Angiogenesis, the formation of the new blood vessels from pre-existing vasculature, is an essential process occurring under both normal and pathological conditions, such as inflammation and cancer. This complex process is regulated by several cytokines, growth factors and extracellular matrix components modulating endothelial cell and pericyte function. In this study, we discovered that the extracellular matrix glycoprotein Elastin Microfibril Interfacer 2 (Emilin2) plays a prominent role in pericyte physiology. This work was originally prompted by the observations that tumor-associated vessels from Emilin2^−/− mice display less pericyte coverage, impaired vascular perfusion, and reduced drug efficacy, suggesting that Emilin2 could promote vessel maturation and stabilization affecting pericyte recruitment. We found that Emilin2 affects different mechanisms engaged in pericyte recruitment and vascular stabilization. First, human primary endothelial cells challenged with recombinant Emilin2 synthesized and released ∼ 2.1 and 1.2 folds more PDGF-BB and HB-EGF, two cytokines known to promote pericyte recruitment. We also discovered that Emilin2, by directly engaging α₅β₁ and α₆β₁ integrins, highly expressed in pericytes, served as an adhesion substrate and haptotactic stimulus for pericytes. Moreover, Emilin2 evoked increased NCadherin expression via the sphingosine-1-phosphate receptor, leading to enhanced vascular stability by fostering interconnection between endothelial cells and pericytes. Finally, restoring pericyte coverage in melanoma and ovarian tumor vessels developed in Emilin2^−/− mice improved drug delivery to the tumors. Collectively, our results implicate Emilin2 as a prominent regulator of pericyte function and suggest that Emilin2 expression could represent a promising maker to predict the clinical outcome of patients with melanoma, ovarian, and potentially other forms of cancer.
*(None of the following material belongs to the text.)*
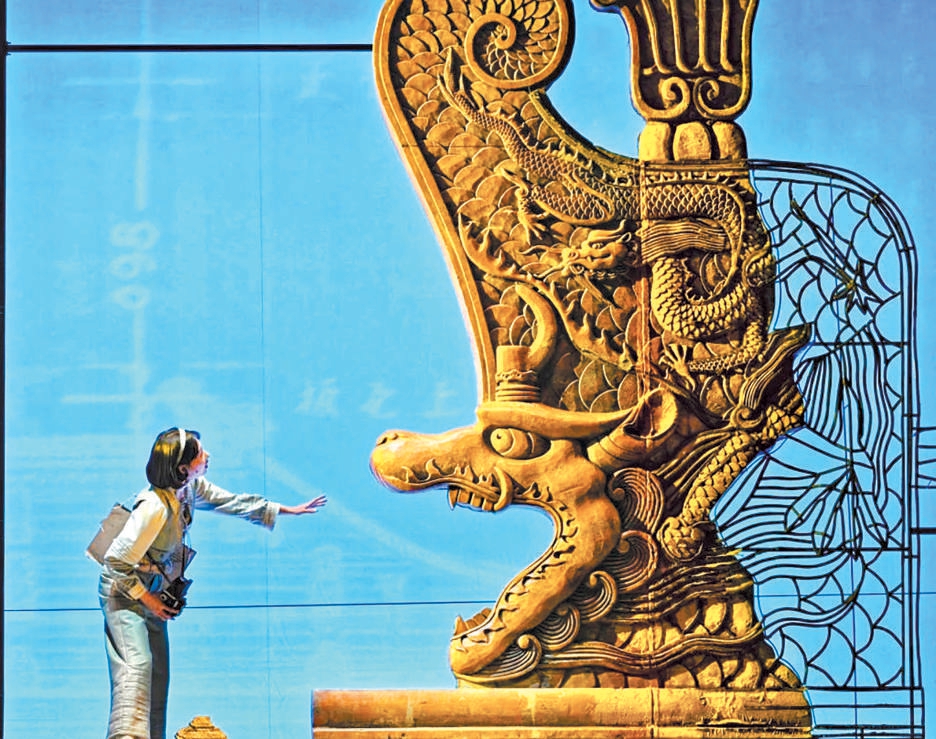 王琛透露,舞臺上關(guān)鍵的古建筑構(gòu)件均嚴格按照1∶1的真實比例復原制作,當它們懸置于觀眾面前,一種視覺上的“沖擊力”油然而生,“觀眾能直觀體會到劇中人物每日工作的物理尺度和精神重量,體會測繪隊員是以怎樣的血肉之軀攀爬、丈量并挽留這份巍峨的文明?!蔽枧_地面,北平時期中軸線的建筑脈絡(luò)化為起伏線條,如紙張般弧形掀起,“寓意著古城文明在戰(zhàn)火中飄搖欲飛卻又根基深植的命運。建筑的‘實’代表文明遺產(chǎn),圖紙的‘虛’代表傳承意志,虛實明暗的銜接過渡,共同凝固了那段驚心動魄的歷史?!保ㄓ浾?高倩)

血管生成，即从预先存在的脉管系统形成新血管，是在正常和病理条件（例如炎症和癌症）下发生的重要过程。这一复杂的过程受到多种细胞因子、生长因子和调节内皮细胞和周细胞功能的细胞外基质成分的调节。在这项研究中，我们发现细胞外基质糖蛋白弹性蛋白微原纤维接口 2 (Emilin2) 在周细胞生理学中发挥着重要作用。这项工作最初是由以下观察结果引发的： Emilin2 ^-/−小鼠的肿瘤相关血管表现出周细胞覆盖率较低、血管灌注受损和药物疗效降低，这表明 Emolin2 可以促进影响周细胞募集的血管成熟和稳定。我们发现 Emolin2 影响参与周细胞募集和血管稳定的不同机制。首先，用重组Emilin2攻击的人原代内皮细胞合成并释放了约2.1倍和1.2倍的PDGF-BB和HB-EGF，这两种已知促进周细胞募集的细胞因子。我们还发现Emilin2通过直接结合在周细胞中高表达的α ₅ β ₁和α ₆ β ₁整合素，充当周细胞的粘附底物和趋触刺激物。此外，Emilin2通过 1-磷酸鞘氨醇受体引起 N 钙粘蛋白表达增加，通过促进内皮细胞和周细胞之间的互连来增强血管稳定性。最后，恢复Emilin2 ^−/−小鼠体内黑色素瘤和卵巢肿瘤血管中的周细胞覆盖，改善了肿瘤的药物输送。总的来说，我们的结果表明 Emilin2 是周细胞功能的重要调节因子，并表明 Emilin2 表达可能代表预测黑色素瘤、卵巢癌和潜在其他形式癌症患者临床结果的有前途的标志物。